_WORK INSTRUCTIONS_
Could you tally the lines of the entries that carry the string "your"? Reply with the number and nothing more.

_DATA SHOWN_
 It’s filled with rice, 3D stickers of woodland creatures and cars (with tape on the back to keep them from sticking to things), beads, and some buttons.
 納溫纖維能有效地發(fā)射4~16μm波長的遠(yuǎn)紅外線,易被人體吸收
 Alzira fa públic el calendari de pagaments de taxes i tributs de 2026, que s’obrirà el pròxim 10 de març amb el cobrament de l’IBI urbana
--
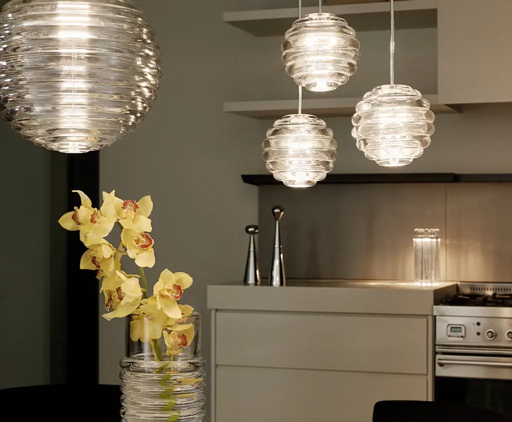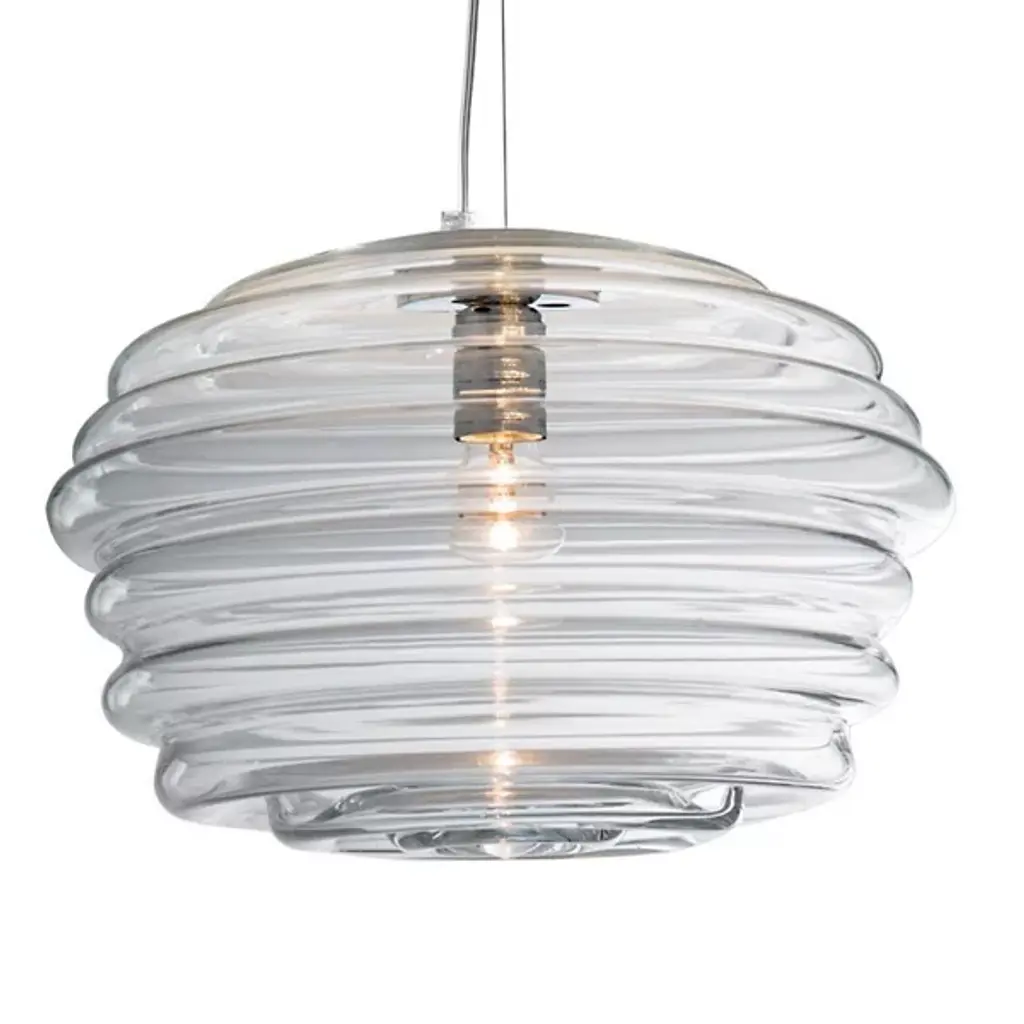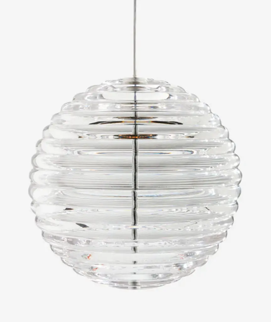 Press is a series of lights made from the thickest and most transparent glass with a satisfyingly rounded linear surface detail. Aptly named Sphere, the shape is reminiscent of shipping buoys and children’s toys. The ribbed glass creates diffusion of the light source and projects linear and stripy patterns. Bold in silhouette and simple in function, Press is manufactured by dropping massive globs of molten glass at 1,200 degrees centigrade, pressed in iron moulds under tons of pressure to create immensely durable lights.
---
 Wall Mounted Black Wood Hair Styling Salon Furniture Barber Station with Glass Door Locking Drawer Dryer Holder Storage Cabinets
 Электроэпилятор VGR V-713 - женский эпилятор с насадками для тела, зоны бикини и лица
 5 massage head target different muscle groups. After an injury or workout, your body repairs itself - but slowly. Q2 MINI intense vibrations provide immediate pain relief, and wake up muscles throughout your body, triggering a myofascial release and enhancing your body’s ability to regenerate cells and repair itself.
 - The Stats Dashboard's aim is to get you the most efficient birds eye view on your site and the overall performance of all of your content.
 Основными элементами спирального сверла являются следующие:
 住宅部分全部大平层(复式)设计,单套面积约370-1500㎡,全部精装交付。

_TASK ANSWER_
2